Wednesday, August 18, 2010

The Kitchen Garden Novice: On Picking

I have a confession to make. I am a closet fan of the History Channel's American Pickers. I can veg out and watch that show mindlessly for an hour. (Actually, if you throw in a Mexican take-out dinner, I'll watch for several. Follow it with an episode of Pawn Stars, and I can be in front of the tube for days.) 

For those of you who haven't enjoyed this guilty pleasure, American Pickers is a docu-reality show that follows two antique dealers, Mike and Frank, as they scour the rural landscape in search of resellable...well...junk.  Let's just call it what it is. Most of their acquisitions lay untouched, unnoticed for decades in someone's yard, basement, or barn, just waiting to be uncovered and possibly, possibly restored.  Some of their finds they resell "as is." The value of those items is enhanced by the patina of their age and decay. Patina--that's a euphemism for "rust," isn't it?

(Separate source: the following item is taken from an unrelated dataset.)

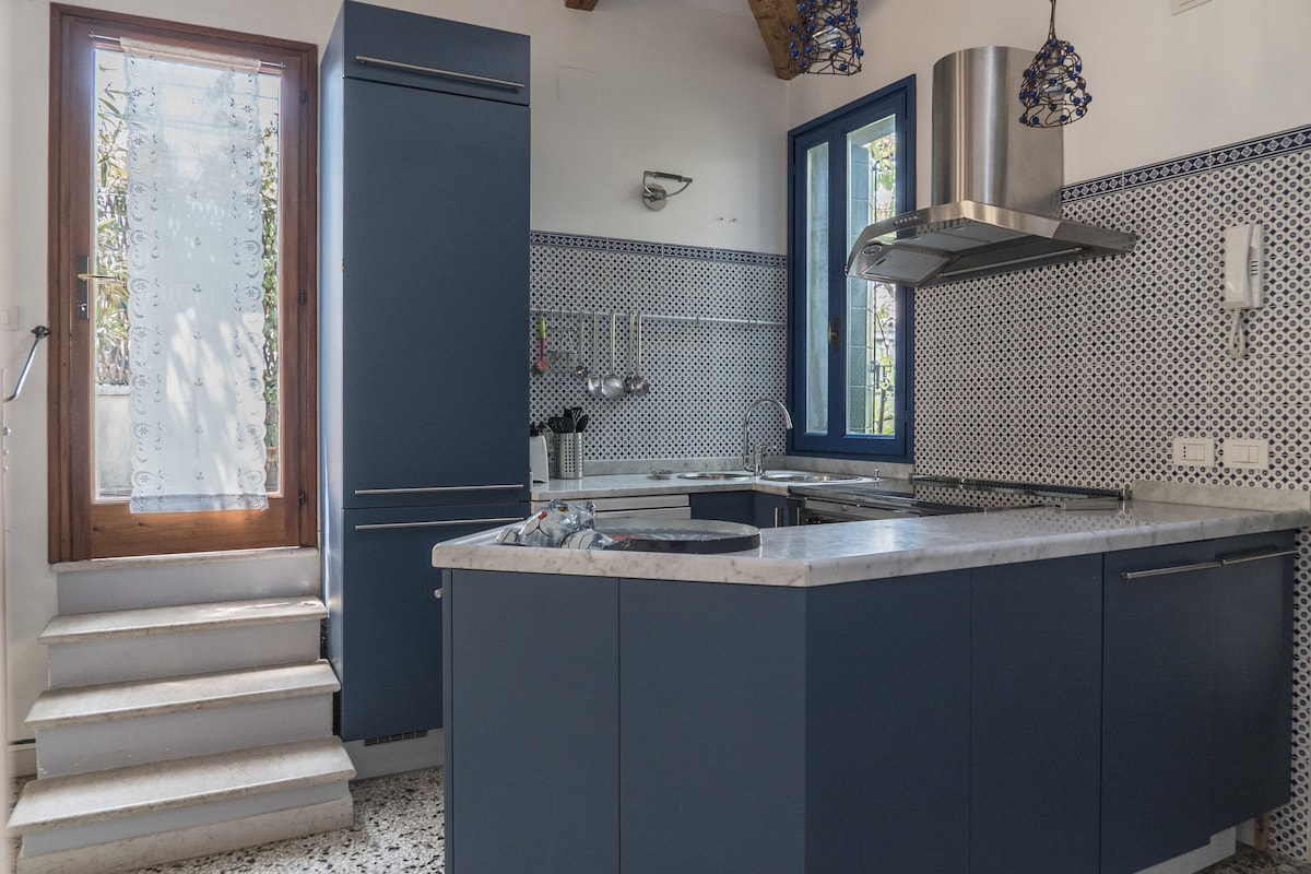 The largest terrace is surrounded by plants and flowers and the smallest one is along the nearby canal. On top of the house there is an altana terrace that will put you above of most houses in Venice and give you a fantastic view. Sunny and quiet you can enjoy a fully equipped kitchen and just at 100 meters from the apartment you can choose from the best Venetian restaurants also vegetarians

I cannot tell you why I have become a Pickers junkie. We've already established the fact that I get a kick out of recycling old vintage clothing--(see my previous post on Skirting the Issue.) Perhaps I identify with Mike and Frank's sense of adventure in the hunt. But that's about where my empathy ends. Once they uncover a stash of "treasure" it's a bit like viewing scavengers rip apart a carcass. As they zero in on what they really want, let the games begin. Mike and Frank are masters at haggling over trash.

The most recent episode centered around a hot tip they received from their homebase about a man named Hobo Jack. They followed this lead down the railroad tracks and into the woods to a dump site of landfill proportions. In the timber they met one wily picker who had been collecting ''stuff" for decades. They spent hours sifting through piles of junk, superficially covered under tarps and inside dilapidated shacks. I'm not even sure the property belonged to Hobo Jack. Mike and Frank were like two kids on Christmas morning.

Now what struck me about this episode was not that these two pickers were so enthralled by their discovery. What blew me away was Hobo Jack.  He spent decades acquiring stuff and squirreling it away. For what? He wasn't even aware anymore what he had or where it was. He had attended no careful maintenance to any of his cache. But when offered cash for some of his horde, you would have thought he was in possession of museum objets d'art. He immediately recognized the Gollum-like gleam of greed in the two pickers' eyes. And he drove the hard bargain. After much dickering, Jack accepted several thousand dollars for a few of his treasures. And I had to wonder...what will a hobo do with that kind of money?

I'm left to marvel at the irony of it all. One man's trash is indeed another man's treasure. We value that which we want. Those things are only valuable because we assign their worth to them. Centuries from now, if the same items remain and have not gone to dust, will they be of value to everyone or to just a select few--those born to be pickers?